Task requirements:
Copy the records below exactly, starting at the line that contains "Enter a clear, descriptive" and ending at the line that contains "Ελαστική μέσηΦαρδιά γραμμήΧαλαρή"; leave out any pictures.

---

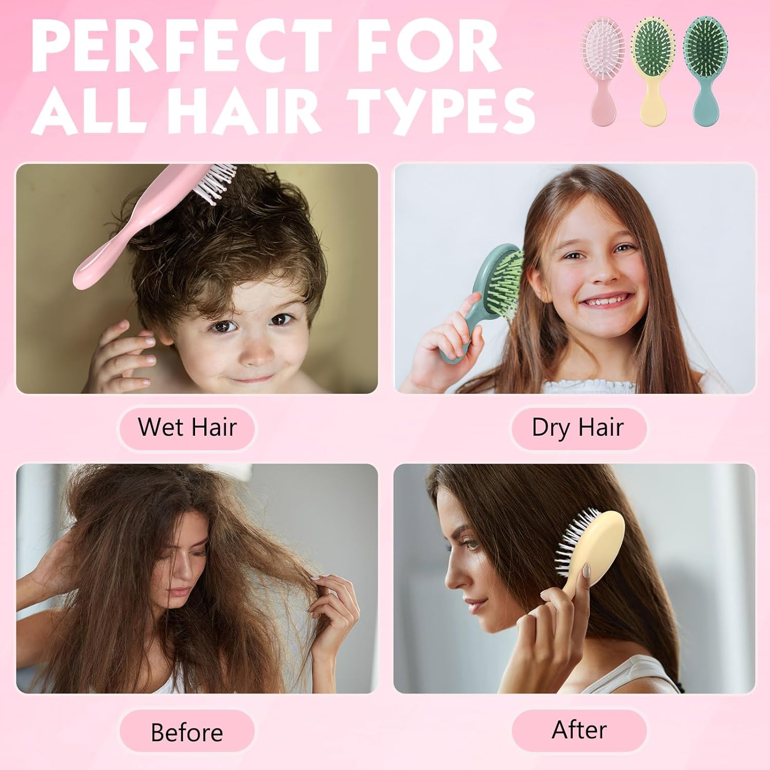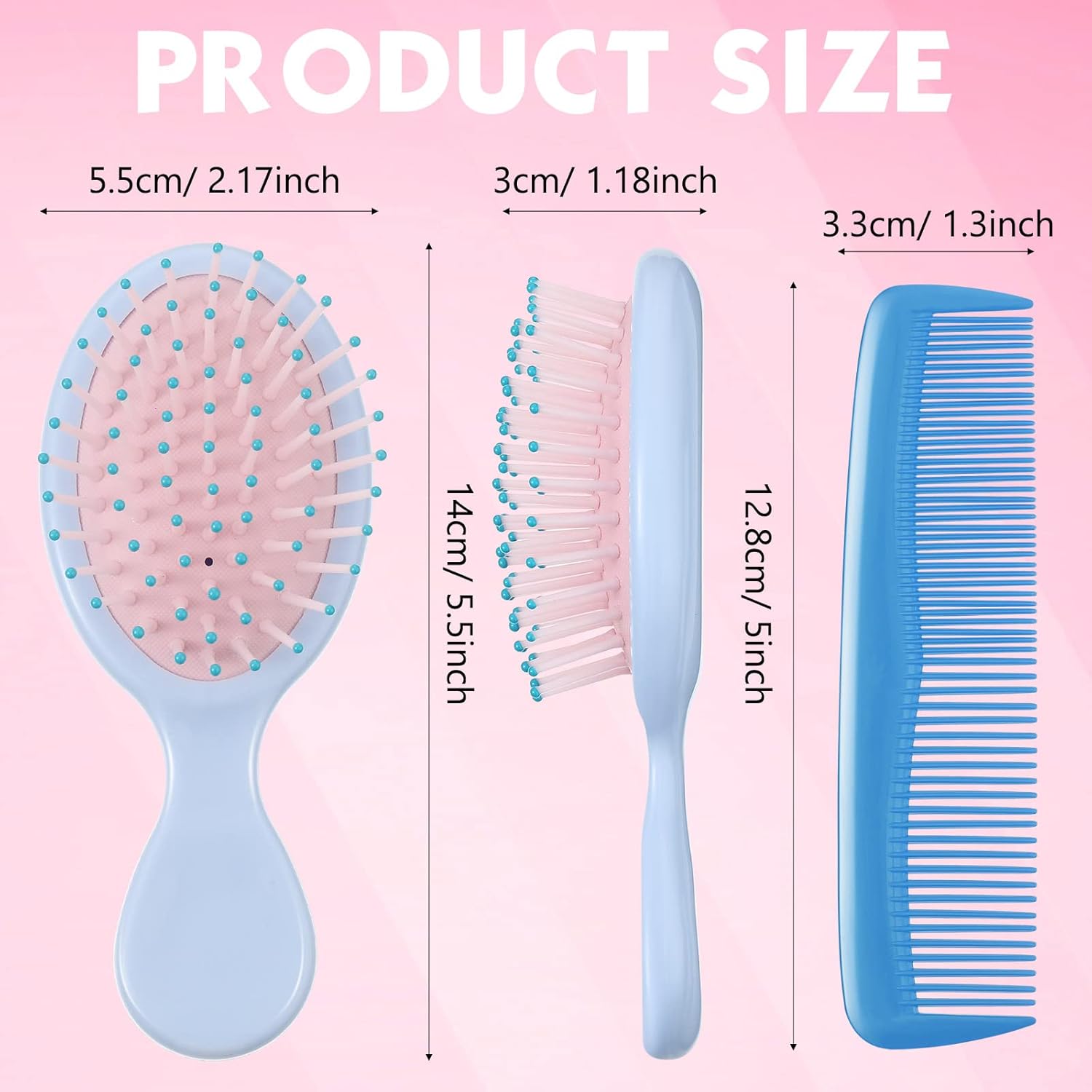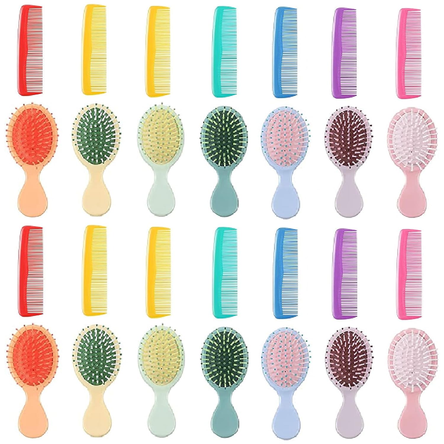 Paquete variado colorido: el juego de peine y cepillo para niños pequeños incluye 14 cepillos para el cabello y 14 peines para el cabello en varios colores; este colorido peine y cepillo aporta un toque divertido y fresco a tus rituales diarios de aseo, Material de calidad: hecho de plástico confiable, estos cepillos y peines de viaje están diseñados para un uso duradero mientras que son ligeros para un uso fácil durante el aseo del cabello, confiable y de calidad, estos peines y cepillo te dejarán una agradable experiencia de uso, Uso versátil: satisface las diversas necesidades de tu peinado con nuestros 2 estilos de cepillo y peines; ya sea desenredando, peinando o simplemente peinando en la vida cotidiana, te tenemos cubierto y te brindaremos mucha comodidad, Diseñado para la comodidad: con el juego de cepillos para bebé diseñado para un agarre cómodo y un toque suave en tu cabello, puedes esperar una experiencia de aseo suave e indolora; mantén tu cabello libre de daños con nuestros cepillos fáciles de usar, Dimensiones ideales: el cepillo húmedo y seco mide aproximadamente 5.5 x 2.17 pulgadas, y los peines son de aproximadamente 5 x 1.3 pulgadas, que son adecuados para varias longitudes y tipos de cabello; su tamaño compacto permite un fácil almacenamiento y portabilidad, y puedes llevarlos contigo fácilmente
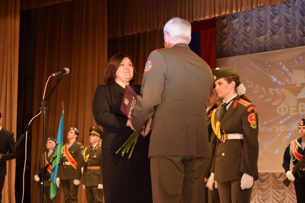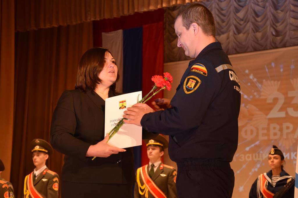 Выполняя решение городской Думы города Шахты, Ирина Жукова вручила Почётную грамоту Думы и денежную премию военному комиссару города Шахты и Октябрьского района Ивану Ивановичу Вансовичу — в связи со 100-летием со дня создания Красной Армии!
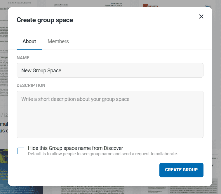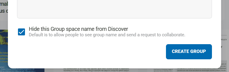 Enter a clear, descriptive name for your group space that will make sense to all potential members. Consider including the project name, research topic, or team identifier to ensure clarity over time.
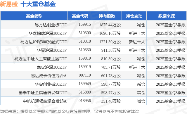 重仓新易盛的前十大公募基金请见下表:
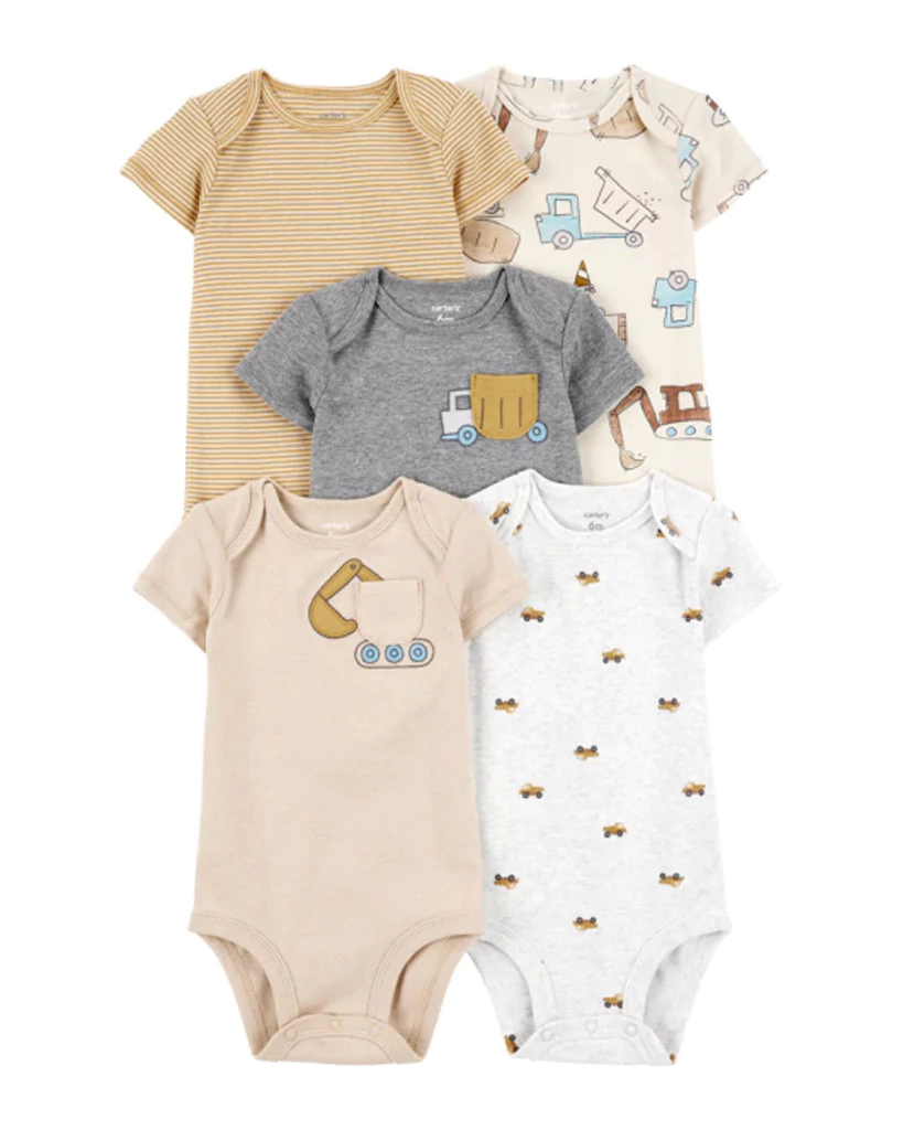 Confeccionados en suave algodón, este pack de 5 bodies es perfecto para tu bebé.
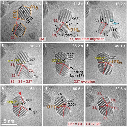图 1. 五重孪晶形成机理1:通过取向粘附、原子表面扩散以及随后的高能晶界的形成和分解(零应变孪晶成核和生长)
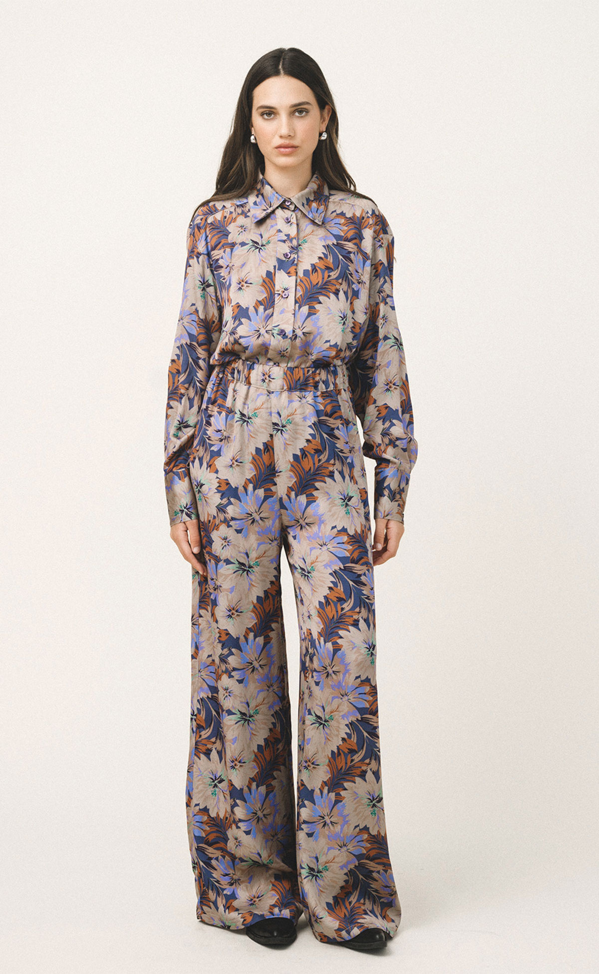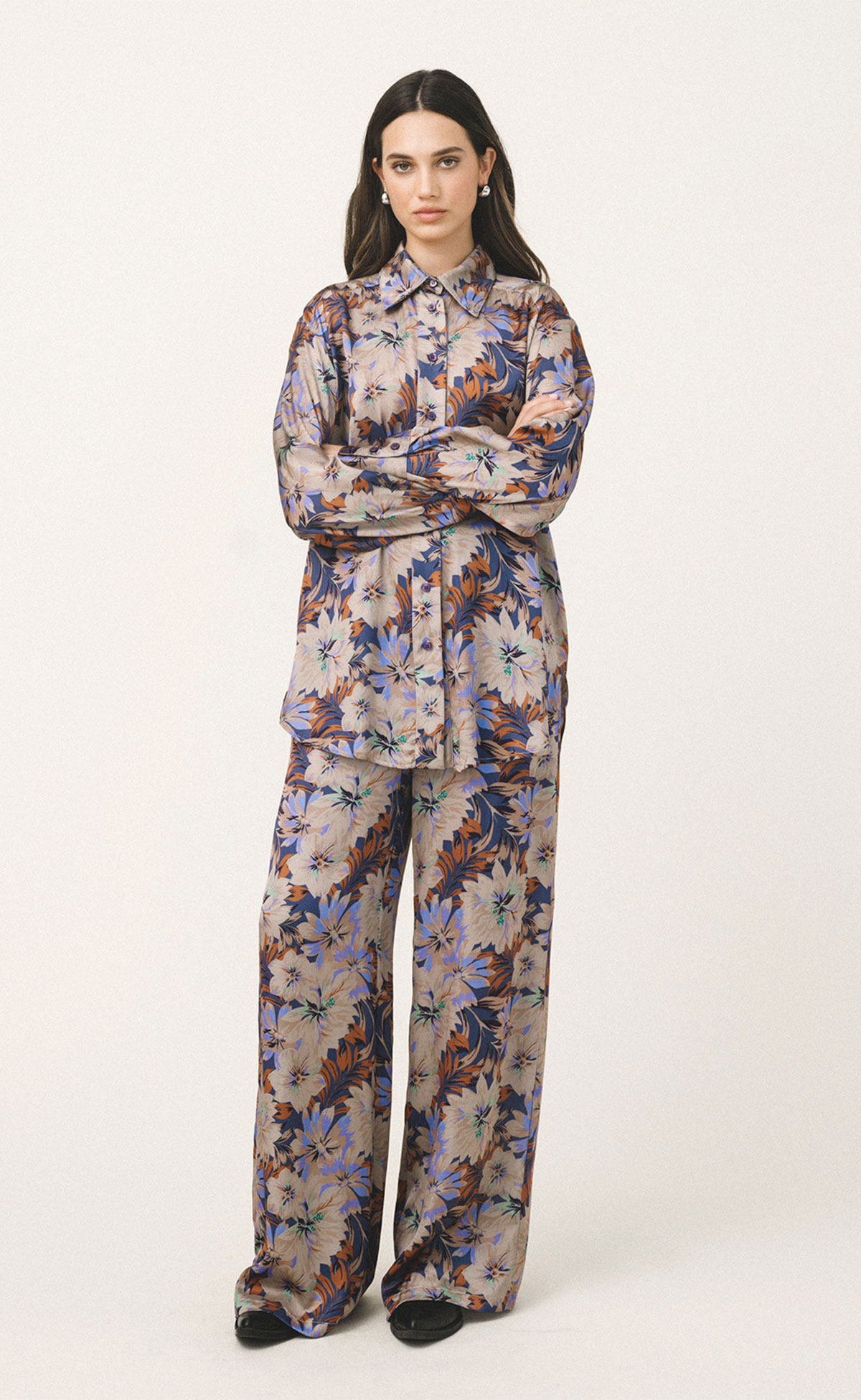 Ελαστική μέσηΦαρδιά γραμμήΧαλαρή εφαρμογήΜεσαία μέσηΑίσθηση μεταξιούΑποκλειστικό print L+AΣυνδυάστε το με το αντίστοιχο πουκάμισο ErisΤο μοντέλο έχει ύψος 173 εκ. και φοράει μέγεθος Small
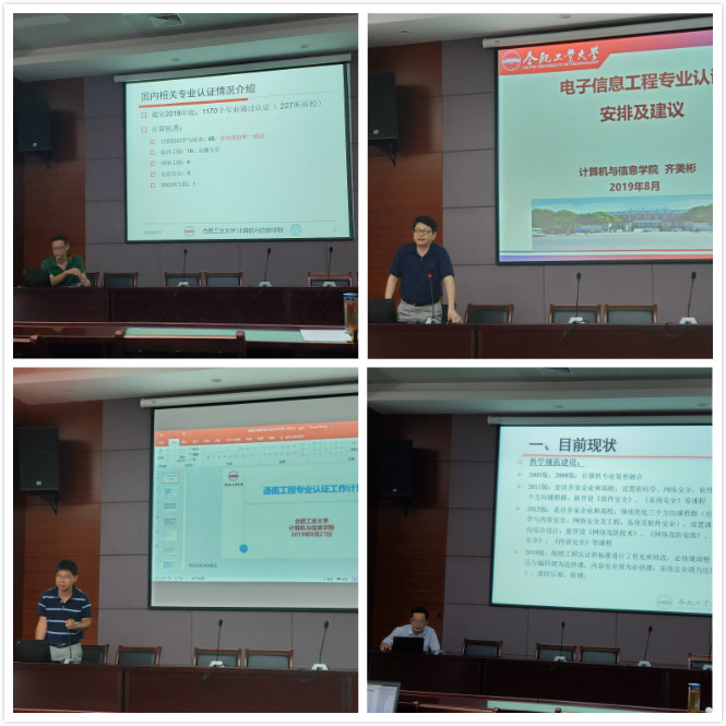上午的推进专业认证的工作安排交流与研讨板块中,计算机科学与技术系主任安鑫、电子信息工程系系主任齐美彬、通信工程系系主任孙锐等,分别针对本专业的专业认证工作安排进行了交流,与会代表也进行了交流和研讨。最后,教学指导委员会主任胡学钢对公司专业认证主要工作与研讨交流平台方案提出了工作建议和平台建设方案,希望能为各专业的认证提供参考方案、交流平台等,并提出公司将按照“统筹安排,精准部署;各司其职,同步推进;交流研讨,共同提高”来指导后续专业认证的工作建议:即依据认证相关工作的要求来制定阶段性工作安排节点,每个阶段明确精准的任务目标、潜在的问题及相应的应对措施、工作模式、评测办法等;各专业、各位工作人员都有明确的职责分工、阶段工作目标等,在此基础上,以领导组统筹同步推进;对过程中遇到的问题进行研讨、交流,形成共识以及解决办法,从而带动整体的发展。

---

Exercise answer:
 Enter a clear, descriptive name for your group space that will make sense to all potential members. Consider including the project name, research topic, or team identifier to ensure clarity over time.
 重仓新易盛的前十大公募基金请见下表:
 Confeccionados en suave algodón, este pack de 5 bodies es perfecto para tu bebé.
图 1. 五重孪晶形成机理1:通过取向粘附、原子表面扩散以及随后的高能晶界的形成和分解(零应变孪晶成核和生长)
 Ελαστική μέσηΦαρδιά γραμμήΧαλαρή εφαρμογήΜεσαία μέσηΑίσθηση μεταξιούΑποκλειστικό print L+AΣυνδυάστε το με το αντίστοιχο πουκάμισο ErisΤο μοντέλο έχει ύψος 173 εκ. και φοράει μέγεθος Small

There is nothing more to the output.